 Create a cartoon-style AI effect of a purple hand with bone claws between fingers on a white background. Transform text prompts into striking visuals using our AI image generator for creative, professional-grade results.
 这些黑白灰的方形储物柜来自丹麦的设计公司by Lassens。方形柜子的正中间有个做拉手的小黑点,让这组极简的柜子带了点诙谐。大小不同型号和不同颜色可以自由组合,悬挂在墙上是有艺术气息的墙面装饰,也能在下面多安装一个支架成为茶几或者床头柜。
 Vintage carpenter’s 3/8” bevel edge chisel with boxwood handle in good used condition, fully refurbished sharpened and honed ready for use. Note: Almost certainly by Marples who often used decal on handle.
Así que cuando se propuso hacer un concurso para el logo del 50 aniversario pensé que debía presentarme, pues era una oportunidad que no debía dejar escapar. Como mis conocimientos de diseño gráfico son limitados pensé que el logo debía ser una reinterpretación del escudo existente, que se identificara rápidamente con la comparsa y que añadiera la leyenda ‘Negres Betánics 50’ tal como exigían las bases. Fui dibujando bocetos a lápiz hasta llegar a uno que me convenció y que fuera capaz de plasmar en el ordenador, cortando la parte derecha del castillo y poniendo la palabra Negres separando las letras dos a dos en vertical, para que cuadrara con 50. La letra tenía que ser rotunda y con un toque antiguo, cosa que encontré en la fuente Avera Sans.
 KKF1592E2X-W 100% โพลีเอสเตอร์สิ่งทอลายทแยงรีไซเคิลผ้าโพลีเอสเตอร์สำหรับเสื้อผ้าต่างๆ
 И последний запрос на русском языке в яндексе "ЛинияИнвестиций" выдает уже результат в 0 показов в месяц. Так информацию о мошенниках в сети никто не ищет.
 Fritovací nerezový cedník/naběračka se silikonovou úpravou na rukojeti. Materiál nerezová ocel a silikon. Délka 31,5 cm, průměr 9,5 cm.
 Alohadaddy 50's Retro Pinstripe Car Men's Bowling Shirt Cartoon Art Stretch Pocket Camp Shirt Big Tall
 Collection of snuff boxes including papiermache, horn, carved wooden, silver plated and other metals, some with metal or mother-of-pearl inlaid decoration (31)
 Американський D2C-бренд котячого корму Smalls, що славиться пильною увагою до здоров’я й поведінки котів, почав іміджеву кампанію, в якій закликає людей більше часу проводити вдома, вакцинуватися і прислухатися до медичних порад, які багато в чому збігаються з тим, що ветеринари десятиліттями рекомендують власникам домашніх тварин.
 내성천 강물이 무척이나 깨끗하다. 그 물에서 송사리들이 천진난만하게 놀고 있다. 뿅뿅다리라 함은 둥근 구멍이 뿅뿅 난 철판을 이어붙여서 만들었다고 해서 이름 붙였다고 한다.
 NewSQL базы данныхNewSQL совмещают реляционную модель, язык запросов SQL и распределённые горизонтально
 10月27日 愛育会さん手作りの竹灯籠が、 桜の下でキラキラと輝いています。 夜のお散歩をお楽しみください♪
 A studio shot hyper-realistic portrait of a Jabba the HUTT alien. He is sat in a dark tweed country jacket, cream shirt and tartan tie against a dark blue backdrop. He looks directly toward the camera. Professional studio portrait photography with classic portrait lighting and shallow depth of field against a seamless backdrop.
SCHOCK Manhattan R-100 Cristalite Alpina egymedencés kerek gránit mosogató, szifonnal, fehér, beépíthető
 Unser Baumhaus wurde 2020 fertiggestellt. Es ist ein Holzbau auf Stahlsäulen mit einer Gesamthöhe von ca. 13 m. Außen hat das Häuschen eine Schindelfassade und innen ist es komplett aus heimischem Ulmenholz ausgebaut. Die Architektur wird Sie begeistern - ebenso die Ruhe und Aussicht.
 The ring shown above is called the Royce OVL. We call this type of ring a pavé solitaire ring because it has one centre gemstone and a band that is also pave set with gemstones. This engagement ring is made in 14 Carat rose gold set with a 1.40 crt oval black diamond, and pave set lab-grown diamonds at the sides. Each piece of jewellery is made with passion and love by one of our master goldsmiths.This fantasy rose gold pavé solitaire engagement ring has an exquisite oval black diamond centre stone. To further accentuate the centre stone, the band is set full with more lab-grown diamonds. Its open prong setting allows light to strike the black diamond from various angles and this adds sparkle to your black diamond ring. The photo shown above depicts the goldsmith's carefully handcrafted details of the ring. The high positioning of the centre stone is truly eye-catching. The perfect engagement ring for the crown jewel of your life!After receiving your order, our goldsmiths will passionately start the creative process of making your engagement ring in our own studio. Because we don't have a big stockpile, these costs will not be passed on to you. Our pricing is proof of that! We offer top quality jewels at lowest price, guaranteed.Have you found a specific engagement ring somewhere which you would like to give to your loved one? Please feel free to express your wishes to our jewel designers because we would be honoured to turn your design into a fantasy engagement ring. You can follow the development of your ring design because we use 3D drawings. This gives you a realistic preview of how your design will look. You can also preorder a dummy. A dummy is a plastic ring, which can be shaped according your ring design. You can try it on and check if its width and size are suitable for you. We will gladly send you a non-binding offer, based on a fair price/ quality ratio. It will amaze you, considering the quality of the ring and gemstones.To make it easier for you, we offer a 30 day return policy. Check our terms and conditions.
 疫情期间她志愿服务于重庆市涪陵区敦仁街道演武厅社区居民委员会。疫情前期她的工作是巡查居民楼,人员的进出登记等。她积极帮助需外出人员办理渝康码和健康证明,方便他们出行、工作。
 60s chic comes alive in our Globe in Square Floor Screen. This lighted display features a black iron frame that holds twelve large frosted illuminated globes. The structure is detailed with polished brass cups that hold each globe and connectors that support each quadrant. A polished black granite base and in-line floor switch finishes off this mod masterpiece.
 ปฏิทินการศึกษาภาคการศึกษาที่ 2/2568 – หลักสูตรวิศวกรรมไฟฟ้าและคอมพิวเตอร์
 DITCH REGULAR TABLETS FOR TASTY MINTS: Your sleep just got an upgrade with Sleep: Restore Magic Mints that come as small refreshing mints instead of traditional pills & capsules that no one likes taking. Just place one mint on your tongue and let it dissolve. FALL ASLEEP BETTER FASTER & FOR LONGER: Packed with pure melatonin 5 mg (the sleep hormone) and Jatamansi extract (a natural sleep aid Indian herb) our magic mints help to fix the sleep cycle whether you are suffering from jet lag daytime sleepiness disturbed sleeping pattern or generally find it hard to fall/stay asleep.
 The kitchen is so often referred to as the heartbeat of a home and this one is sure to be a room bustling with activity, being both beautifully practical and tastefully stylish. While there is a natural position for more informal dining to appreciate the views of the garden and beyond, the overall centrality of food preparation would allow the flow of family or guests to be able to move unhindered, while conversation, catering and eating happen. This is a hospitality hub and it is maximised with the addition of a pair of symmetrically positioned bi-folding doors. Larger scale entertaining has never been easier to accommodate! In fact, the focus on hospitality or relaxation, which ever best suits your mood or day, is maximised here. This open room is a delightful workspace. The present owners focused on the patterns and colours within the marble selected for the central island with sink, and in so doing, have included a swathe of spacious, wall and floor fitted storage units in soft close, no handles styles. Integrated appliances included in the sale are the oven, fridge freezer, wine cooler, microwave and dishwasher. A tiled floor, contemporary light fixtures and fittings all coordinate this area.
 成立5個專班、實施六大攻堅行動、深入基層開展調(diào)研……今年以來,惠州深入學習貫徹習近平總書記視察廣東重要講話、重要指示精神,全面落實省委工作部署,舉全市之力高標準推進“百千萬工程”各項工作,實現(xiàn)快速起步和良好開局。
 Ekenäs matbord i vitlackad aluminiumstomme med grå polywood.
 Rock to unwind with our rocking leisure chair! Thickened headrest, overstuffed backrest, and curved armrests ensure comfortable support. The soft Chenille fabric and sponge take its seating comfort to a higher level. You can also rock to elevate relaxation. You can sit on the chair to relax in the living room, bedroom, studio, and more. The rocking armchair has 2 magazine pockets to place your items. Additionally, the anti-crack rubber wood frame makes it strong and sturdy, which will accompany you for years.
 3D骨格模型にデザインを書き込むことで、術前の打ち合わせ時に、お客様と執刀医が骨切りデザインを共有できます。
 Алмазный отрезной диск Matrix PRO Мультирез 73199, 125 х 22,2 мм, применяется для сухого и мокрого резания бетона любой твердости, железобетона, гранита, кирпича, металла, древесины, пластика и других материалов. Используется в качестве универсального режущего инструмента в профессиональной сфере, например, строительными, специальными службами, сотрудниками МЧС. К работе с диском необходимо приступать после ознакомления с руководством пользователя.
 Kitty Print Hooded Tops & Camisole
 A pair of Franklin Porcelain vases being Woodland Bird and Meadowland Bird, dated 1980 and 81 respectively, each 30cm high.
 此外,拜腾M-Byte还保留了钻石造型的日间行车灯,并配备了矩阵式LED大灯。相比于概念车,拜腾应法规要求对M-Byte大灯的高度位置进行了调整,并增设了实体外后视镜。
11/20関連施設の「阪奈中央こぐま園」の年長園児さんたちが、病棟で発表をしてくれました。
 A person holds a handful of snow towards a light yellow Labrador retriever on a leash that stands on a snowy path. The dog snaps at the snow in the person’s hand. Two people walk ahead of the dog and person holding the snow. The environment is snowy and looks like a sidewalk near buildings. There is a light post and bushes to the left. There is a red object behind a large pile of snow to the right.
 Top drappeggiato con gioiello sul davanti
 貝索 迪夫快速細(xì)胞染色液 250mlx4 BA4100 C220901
-*-*-
* Exercise directions *
All lines above from the one holding "Collection of snuff" to the one holding "Unser Baumhaus wurde", inclusive, are to be copied exactly; no other line is wanted.

* Answer to this exercise *
 Collection of snuff boxes including papiermache, horn, carved wooden, silver plated and other metals, some with metal or mother-of-pearl inlaid decoration (31)
 Американський D2C-бренд котячого корму Smalls, що славиться пильною увагою до здоров’я й поведінки котів, почав іміджеву кампанію, в якій закликає людей більше часу проводити вдома, вакцинуватися і прислухатися до медичних порад, які багато в чому збігаються з тим, що ветеринари десятиліттями рекомендують власникам домашніх тварин.
 내성천 강물이 무척이나 깨끗하다. 그 물에서 송사리들이 천진난만하게 놀고 있다. 뿅뿅다리라 함은 둥근 구멍이 뿅뿅 난 철판을 이어붙여서 만들었다고 해서 이름 붙였다고 한다.
 NewSQL базы данныхNewSQL совмещают реляционную модель, язык запросов SQL и распределённые горизонтально
 10月27日 愛育会さん手作りの竹灯籠が、 桜の下でキラキラと輝いています。 夜のお散歩をお楽しみください♪
 A studio shot hyper-realistic portrait of a Jabba the HUTT alien. He is sat in a dark tweed country jacket, cream shirt and tartan tie against a dark blue backdrop. He looks directly toward the camera. Professional studio portrait photography with classic portrait lighting and shallow depth of field against a seamless backdrop.
SCHOCK Manhattan R-100 Cristalite Alpina egymedencés kerek gránit mosogató, szifonnal, fehér, beépíthető
 Unser Baumhaus wurde 2020 fertiggestellt. Es ist ein Holzbau auf Stahlsäulen mit einer Gesamthöhe von ca. 13 m. Außen hat das Häuschen eine Schindelfassade und innen ist es komplett aus heimischem Ulmenholz ausgebaut. Die Architektur wird Sie begeistern - ebenso die Ruhe und Aussicht.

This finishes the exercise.